Berkeliling mencari kos, bisa dikatakan susah-susah gampang. Berhubung saya sudah cukup merepotkan orang tua untuk membiayai saya selama SMA dan uang masuk kuliah, saya tidak mau mencari kos yang mahal-mahal. Apalagi di Yogyakarta, tanpa AC juga suasananya masih dingin. Teman satu kos juga dipastikan semuanya supel dan menyenangkan karena isinya perantau yang memang ingin merasakan kedamaian Yogyakarta.
Betah Sampai Lulus
Maka ketika berputar ke sana ke mari selama dua minggu, belum ada kos yang membuat saya mantap tinggal di sana. Hingga ketika di sebuah pertigaan, saya merasa kalau saya belum berbelok melewati jalan ini. Ketika saya berbelok, saya bertemu dengan seorang nenek. Saya pun bertanya padanya apakah ada kos laki-laki di dekat situ dan ternyata si nenek memiliki kos-kosan. Tiba di rumah nenek itu, kompleks rumahnya sangat menyenangkan.

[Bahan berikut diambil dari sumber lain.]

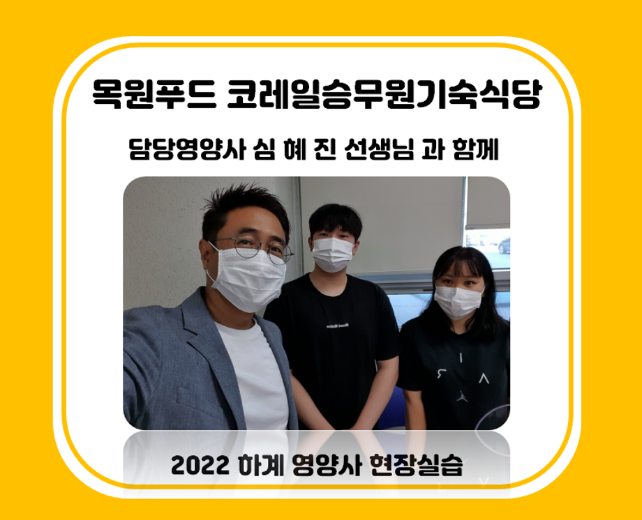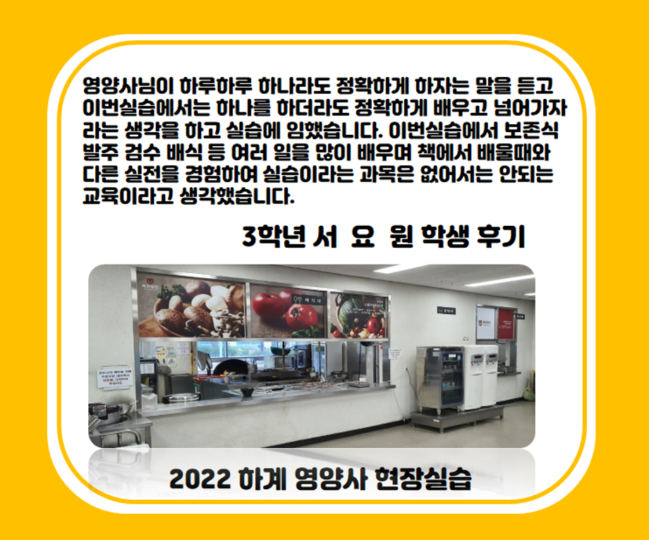 본문 시작 홈으로 커뮤니티 학부소개 진로·취업 교육과정 커뮤니티 대학원 입학상담 홈페이지가이드 갤러리 공지사항 갤러리 학생회 동문회 전공자료실 전공동아리 Youtube Instagram 갤러리 페이스북 트위터 프린트 2022 하계영양사 현장실습(목원푸드 코레일 승무원기숙식당) 바이오식품영양학부 1856 2022-07-18 목록 이전2022 하계영양사 현장실습(동일여자고등학교) 다음 2022 하계영양사 현장실습(제천어린이급식지원센터) 담당부서 : 바이오식품영양학부 담당자 : - 연락처 : 043-649-1578 최종수정일 : 2024-10-26 만족도조사 만족도 조사 이 페이지에서 제공하는 정보에 대하여 만족하시나요? 매우만족 만족 보통 불만족 매우불만족

Dalam satu kompleks nan hijau dan asri di Karanggayam itu, terdapat tiga rumah: miliknya dan dua rumah anaknya. Si nenek tinggal bersama suami dan anak ketiganya. Kos-kosan yang disewakan menempel dengan rumah si nenek, ada di sebelah kanan terpisah dari ruang-ruang utama. Hanya ada tiga kamar di sana dan dua di antaranya sudah terisi meski belum ditinggali. Maka saya mendapatkan kamar paling depan, paling dekat dengan pintu.
Beyond Ngekos
Tinggal di situ, bulan berlalu, tahun berlalu; nenek-kakek-anak semuanya luar biasa. Mereka benar-benar orang baik yang menganggap kami-kami ini sebagai anak/cucunya. Apabila kami sedang berada di kos pada sore hari, si nenek pasti akan membuatkan teh hangat dan cemilan ringan. Teman-teman kos saya juga menyenangkan. Si penghuni kamar tengah berganti di tahun kedua saya ngekos, penghuninya pun tetap menyenangkan. Tarif ngekos sebulan? Hanya Rp 200 ribu. Nikmatnya kos saya dengan harga murah, banyak membuat teman-teman iri dan meminta saya menghubungi mereka ketika saya akan pindah kos –yang tidak terjadi hingga saya lulus.
Saya ngekos di tempat itu selama 3.5 tahun atau sejak awal masuk kuliah hingga akhirnya lulus dari UGM. Sejak anak ketiga si pemilik rumah masih bekerja, hingga menikah dan menjadi ibu rumah tangga. Sejak salah satu cucu si kakek-nenek kuliah, hingga si cucu ini menikah dan punya anak. Sejak kakek-nenek ini sehat dan mengajak saya menonton televisi di ruang tengah, hingga akhirnya si kakek dipanggil Yang Maha Kuasa.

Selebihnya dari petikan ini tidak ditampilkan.